In episode 20, we explored the psychological contract, the unwritten promises that every organization makes to its people. Research has established that this unwritten contract is actually a more powerful predictor of employee behavior than the formal employment terms.

Let me give you a quick example here. The written contract says your role is major gifts officer. The unwritten contract says, you are the relationship expert here; your instincts matter. Then an AI-driven donor scoring system arrives and replaces gut instinct with algorithms. The tool may be better, but the psychological contract just told that person their human judgment is no longer needed. The staff member doesn’t feel retrained. They feel betrayed.

Think about a merger that consolidates three departments into one. The written contract says we value collaboration. The unwritten contract says your department has autonomy, you’ve built something here. The merger then doesn’t feel collaborative; it feels like erasure.

This is why transformation efforts generate feelings of betrayal rather than just resistance. You’re not breaking a policy. You’re breaking a promise that was never written down, but is so very deeply felt. And the betrayal doesn’t show up in your engagement survey as “I feel betrayed.” It shows up as quiet disengagement, an increase in sick days. Your most experienced people are polishing their resumes, and institutional knowledge starts walking out the door because people who carry it no longer feel the organization values what they bring.

Until you understand the psychological contract, every transformation you launch will simply produce theater. Because you’re asking people to invest in a new future while simultaneously demonstrating that the old promises don’t hold.

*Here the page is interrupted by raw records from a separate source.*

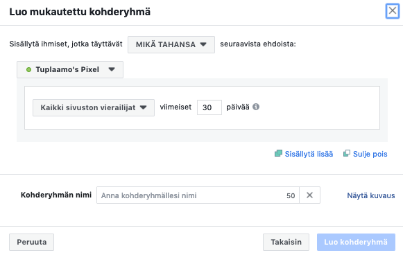 Pikselin avulla pystyt myös luomaan entistä parempia kohderyhmiä. Näin ollen esimerkiksi re-targetin eli uudelleen kohdennettu mainonta onnistuu. Tämä tarkoittaa sitä, että pikseli kohdistaa mainoksiasi uudelleen esimerkiksi nettisivuillasi jo vierailleille kävijöille tai sinulta jo ostaneille ihmisille.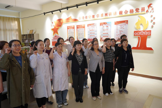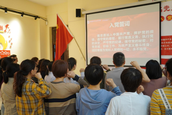 接下来由王瑜同志领誓,带领支部全体党员在党旗下重温入党誓词,回忆入党过程,接受灵魂洗礼,感受信念升华。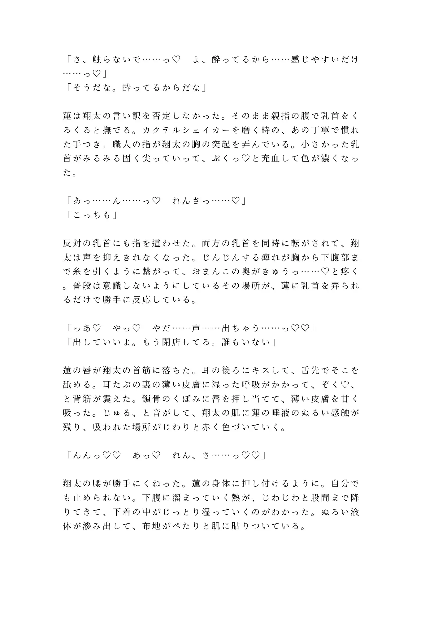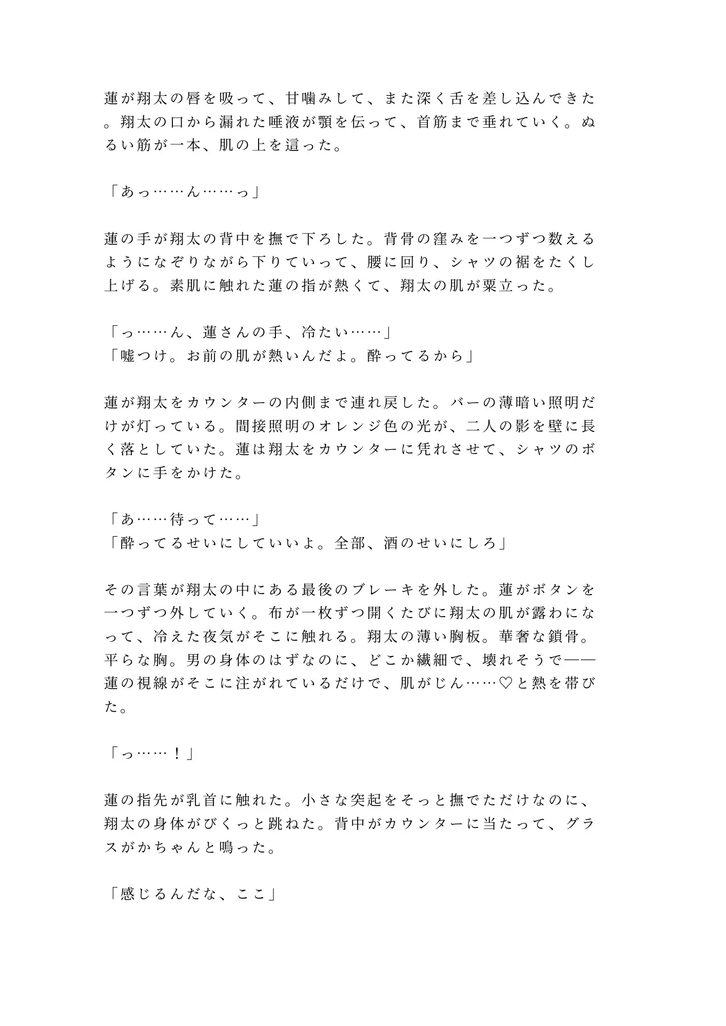 涙も秘密も全部受け止めた蓮が、次に翔太に触れるとき、その手はもうグラスを磨く手つきではなかった。カクテルを作るように丁寧に、けれど確かな熱を持って、翔太がずっと隠してきた身体を暴いていく。

Transformation Fatigue and Cognitive Load

In episode 9, I introduced the concept of transformation fatigue. It’s the idea that organizations have a finite change absorption budget. So today I want to go deeper into the mechanism. There are three hidden cognitive loads that leaders carry during transformation. And they are mostly invisible, they’re unmeasured, and they’re destroying your people’s capacity for change.

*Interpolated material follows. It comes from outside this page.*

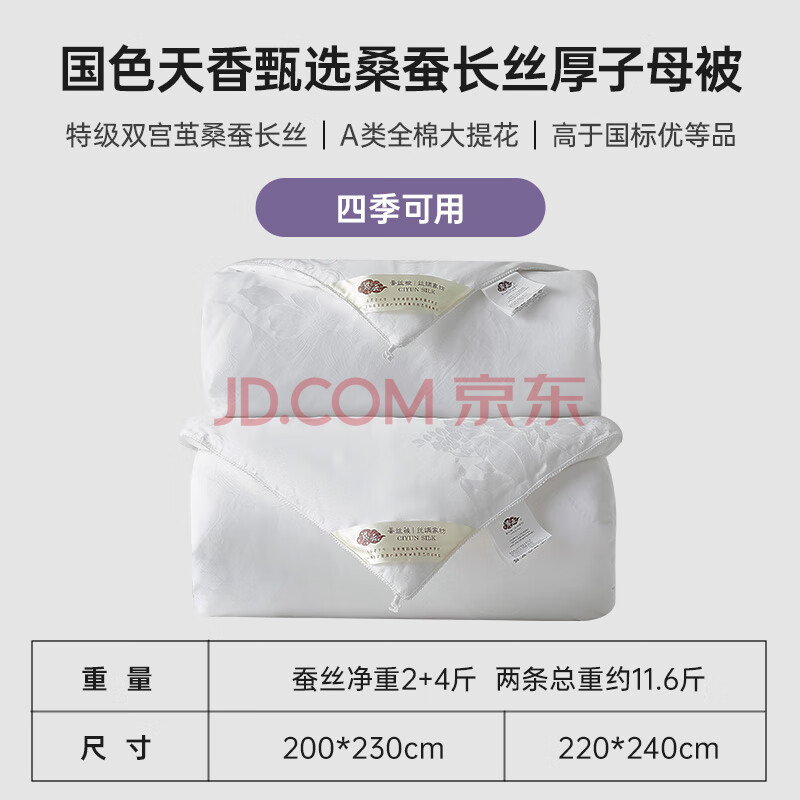 商品相册:慈云国色天香A类蚕丝被 甄选100%桑蚕长丝优等子母被11.6斤2*2.3m白色第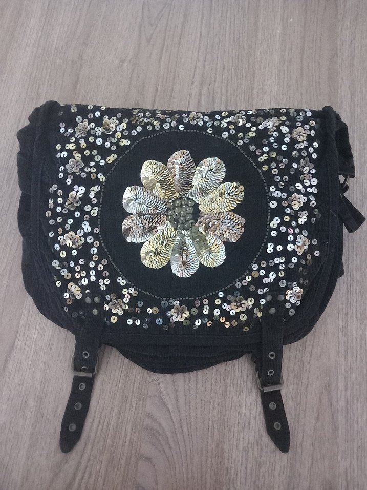 Koyu siyah kot kumaştan yapılmış, nakışlı ve tokalı kapaklı bohem tarzda kadın çantası. ✨

First, the information switching burden. Your leaders are maintaining awareness across multiple organizational systems while constantly shifting between different mental models. Strategic planning, then a donor call, then internal politics, then a technical problem. Each context switch depletes the prefrontal cortex, not metaphorically, but physiologically. Scientific reports published in 2025 demonstrated that 40% of productive time is lost to task switching and attention residue. By mid-afternoon, your initiatives are not competing with resistance. They are confronting cognitive depletion.

Second, the emotional labor quotient. Leaders must constantly read, interpret, and respond to emotional cues from multiple stakeholder groups while managing their own psychological state. This creates what psychologists call emotional dissonance, the gap between felt emotions and expressed emotions. When a leader is projecting confidence while internally processing uncertainty, that dissonance is physically exhausting in ways that are completely unrelated to hours worked.

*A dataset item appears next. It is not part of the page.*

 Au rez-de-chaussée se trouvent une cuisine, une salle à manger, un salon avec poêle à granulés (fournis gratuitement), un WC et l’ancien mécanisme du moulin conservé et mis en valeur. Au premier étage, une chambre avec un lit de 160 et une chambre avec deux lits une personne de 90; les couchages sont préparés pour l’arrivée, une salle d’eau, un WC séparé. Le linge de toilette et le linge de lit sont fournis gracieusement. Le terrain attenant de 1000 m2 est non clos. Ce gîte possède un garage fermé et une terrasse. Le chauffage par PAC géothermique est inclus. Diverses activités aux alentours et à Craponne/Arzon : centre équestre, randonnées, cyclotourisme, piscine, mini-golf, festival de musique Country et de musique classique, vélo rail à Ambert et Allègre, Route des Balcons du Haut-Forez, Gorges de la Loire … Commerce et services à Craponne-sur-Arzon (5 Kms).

Third, decision complexity amplification. Today’s decisions involve exponentially more variables than ever before. Stakeholder impacts, regulatory considerations, cultural implications, and now AI ethics. The prefrontal cortex is physiologically depleted by complex decision-making. For leaders making hundreds of these decisions daily, the depletion compounds throughout the day.

Here’s the critical insight: these three loads don’t add together; they multiply. IT Revolution’s 2024 research estimated the annual cost of cognitive overload at $322 billion in lost productivity. You can’t motivate people out of neurological depletion. That’s not an opinion, that’s neuroscience. Humans have ingrained limitations.

Perpetual Thaw

Traditional change models, whether Lewin, Kotter, or ADKAR, assume episodic change. Unfreeze, change, refreeze, a clean sequential model. But in most organizations today, the next change arrives before people stabilize from the previous one. CRM migration starts. Before people absorb it, the strategic plan refresh starts. Then the culture initiative, then the digital fundraising system, initiative after initiative stacked one on top of the other. Nothing ever refreezes.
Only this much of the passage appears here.